DATASET EXCERPT:
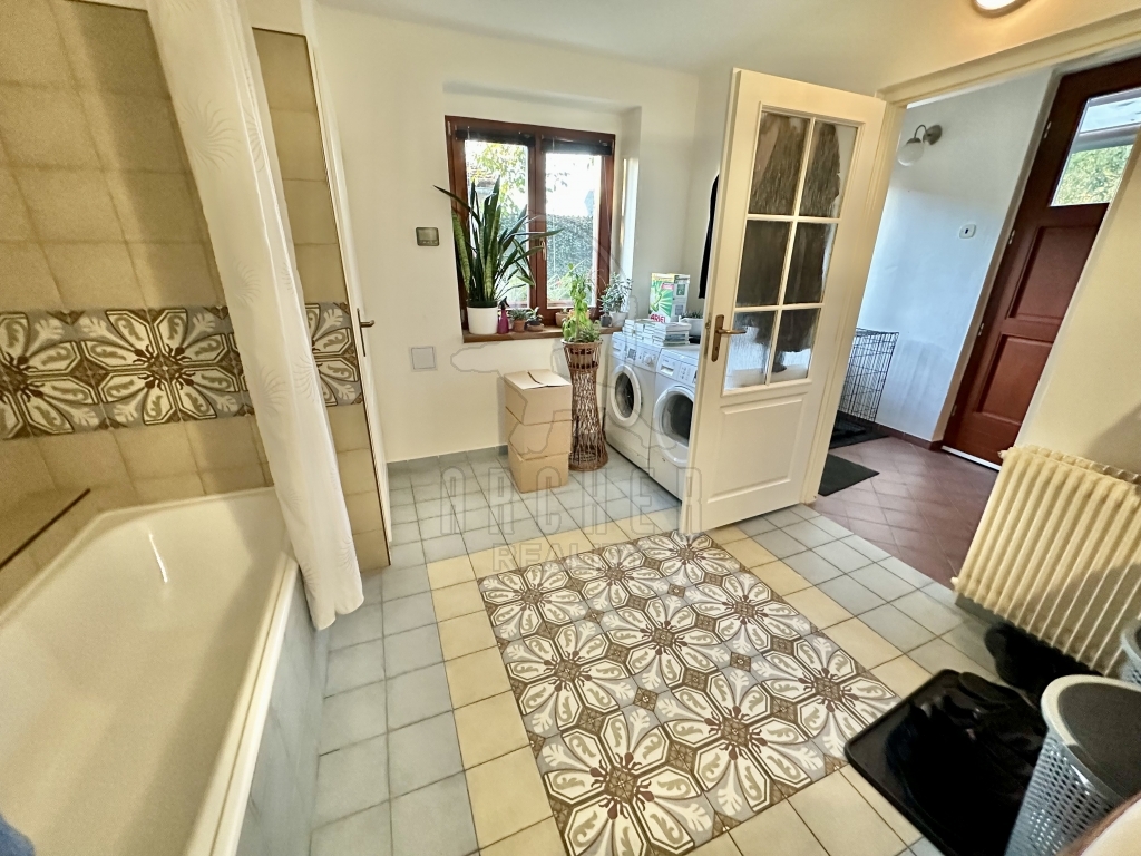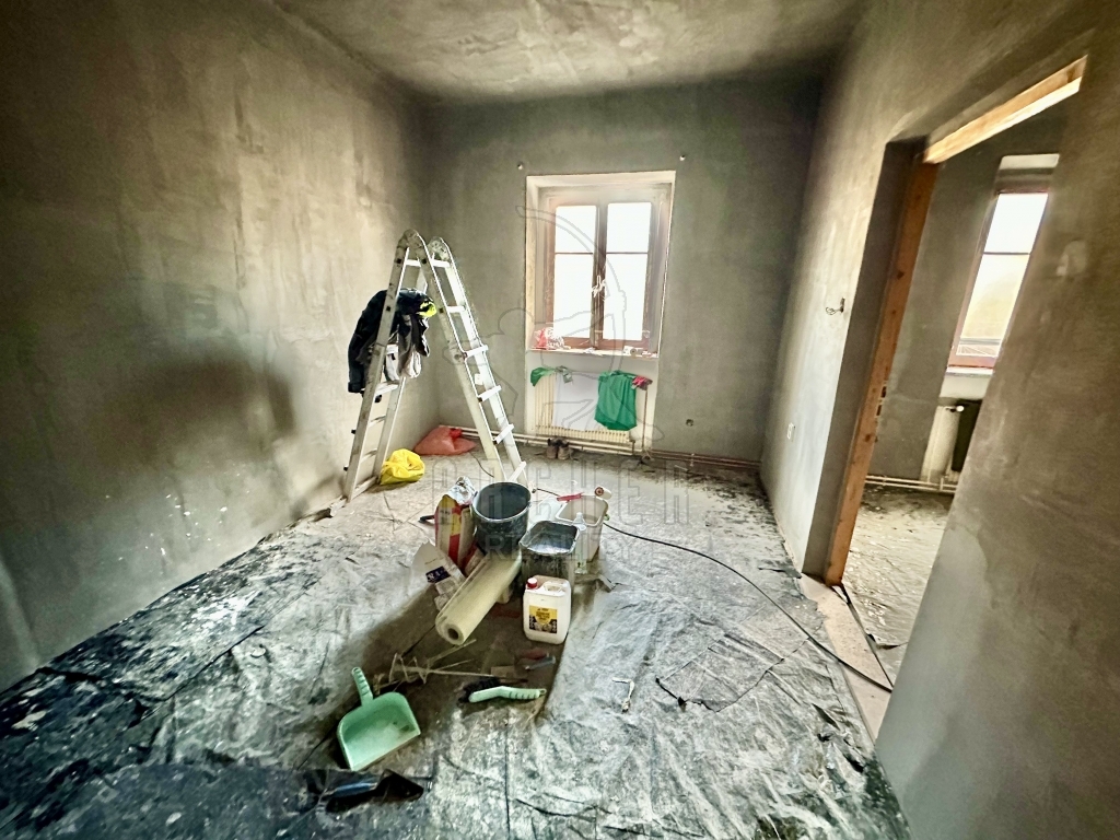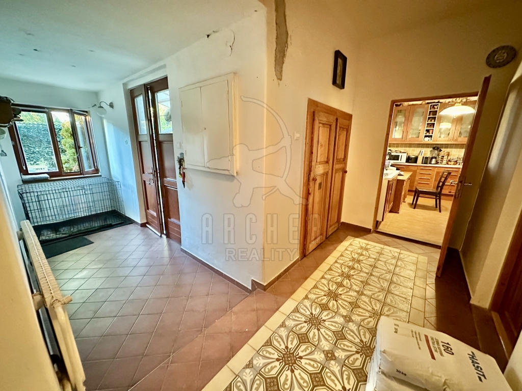 Dům prochází citlivou rekonstrukcí, která bude dokončena původním majitelem tak, aby spojila tradiční charakter starší zástavby s moderním komfortem. Po vstupu vás přivítá světlá chodba s dlažbou v retro stylu, která propojuje všechny části domu – praktickou kuchyni, koupelnu s vanou a další obytné místnosti. V podkroví dva pokoje s dřevěnými trámy, ideální pro ložnice, pracovnu, ateliér nebo pokoj pro hosty.
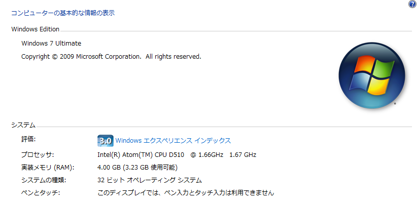 現在 D945GSEJT を Windows 7 (x86) の組み
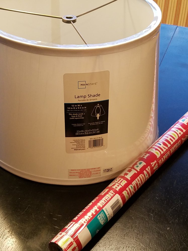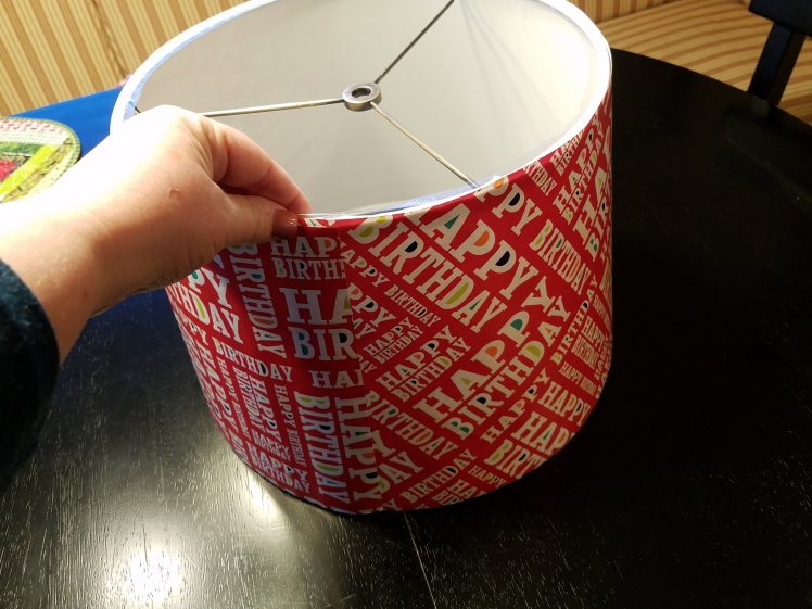 Any lampshade will do but white or some other light color would be best and the straighter the sides the better. So look for a drum style shade instead of a flared one. You can use a flared one but your fabric strips will just need to be wider to cover it and most of my scrap strips are my beloved 1 1/2″ wide strips.
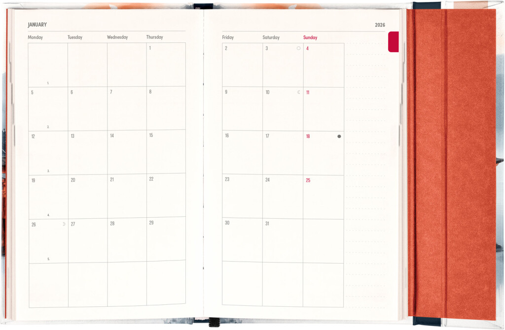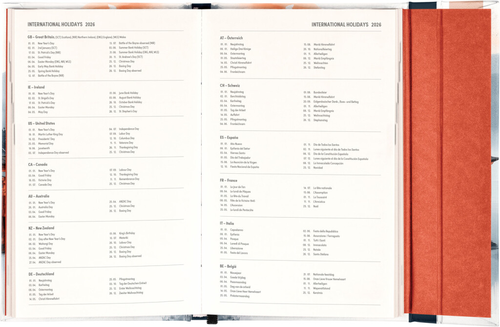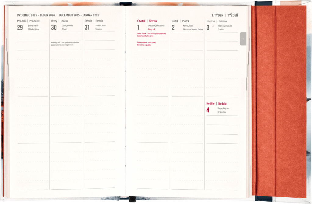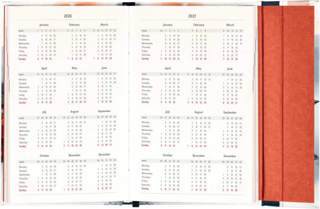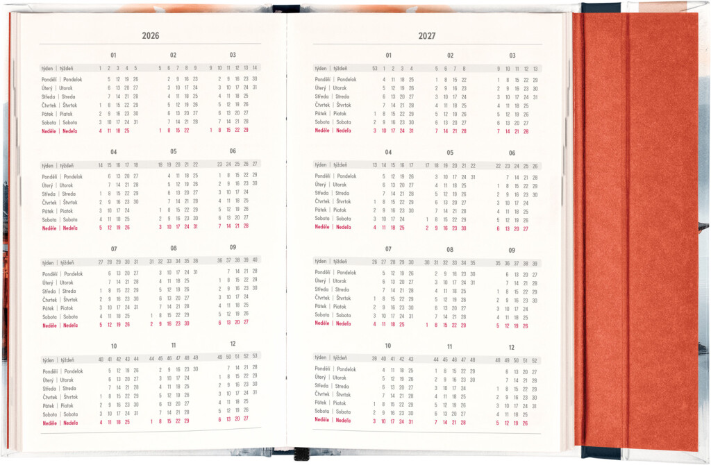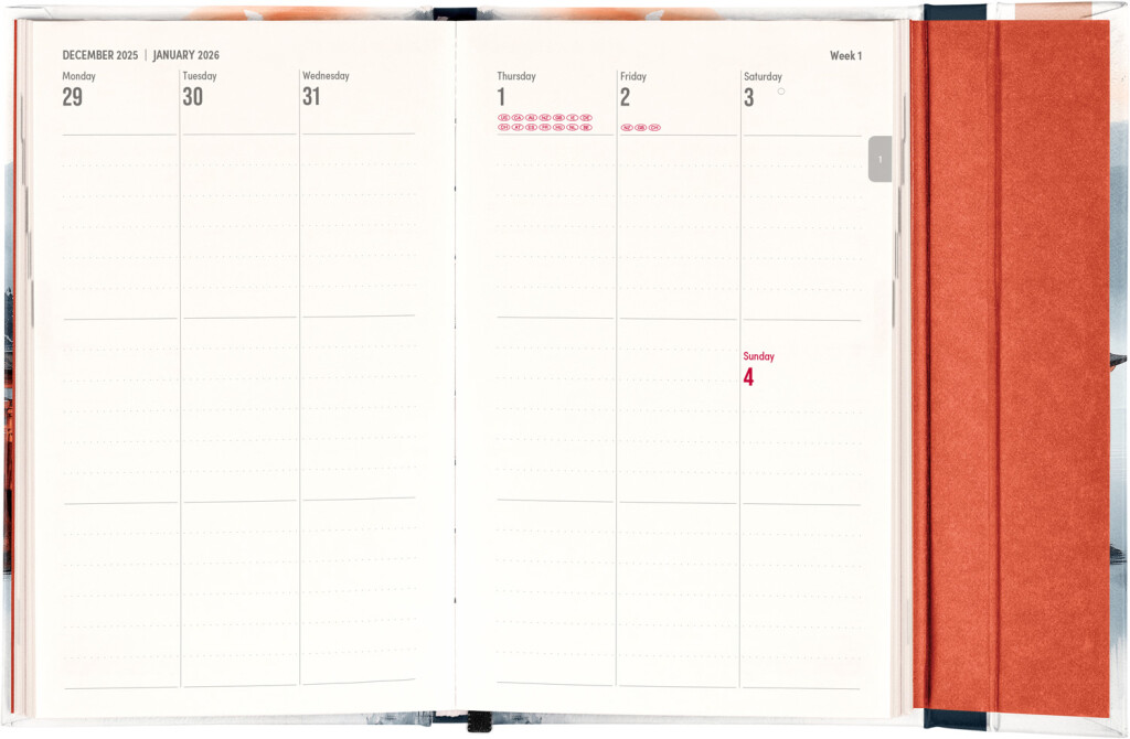 Týždenný diár v anglickom jazyku s medzinárodnými sviatkami a praktickým magnetickým uzatváraním je ideálnou voľbou pre tých, ktorí chcú mať svoje plány prehľadne pod kontrolou. Ponúka stĺpcové rozvrhnutie jednotlivých týždňov s dostatkom priestoru pre každodenné poznámky. Súčasťou sú praktické mesačné prehľady, ideálne na plánovanie dovoleniek či prázdnin.

TASK DETAILS: Reproduce the data word for word without its images.

WRITTEN SOLUTION:
 Dům prochází citlivou rekonstrukcí, která bude dokončena původním majitelem tak, aby spojila tradiční charakter starší zástavby s moderním komfortem. Po vstupu vás přivítá světlá chodba s dlažbou v retro stylu, která propojuje všechny části domu – praktickou kuchyni, koupelnu s vanou a další obytné místnosti. V podkroví dva pokoje s dřevěnými trámy, ideální pro ložnice, pracovnu, ateliér nebo pokoj pro hosty.
 現在 D945GSEJT を Windows 7 (x86) の組み
 Any lampshade will do but white or some other light color would be best and the straighter the sides the better. So look for a drum style shade instead of a flared one. You can use a flared one but your fabric strips will just need to be wider to cover it and most of my scrap strips are my beloved 1 1/2″ wide strips.
 Týždenný diár v anglickom jazyku s medzinárodnými sviatkami a praktickým magnetickým uzatváraním je ideálnou voľbou pre tých, ktorí chcú mať svoje plány prehľadne pod kontrolou. Ponúka stĺpcové rozvrhnutie jednotlivých týždňov s dostatkom priestoru pre každodenné poznámky. Súčasťou sú praktické mesačné prehľady, ideálne na plánovanie dovoleniek či prázdnin.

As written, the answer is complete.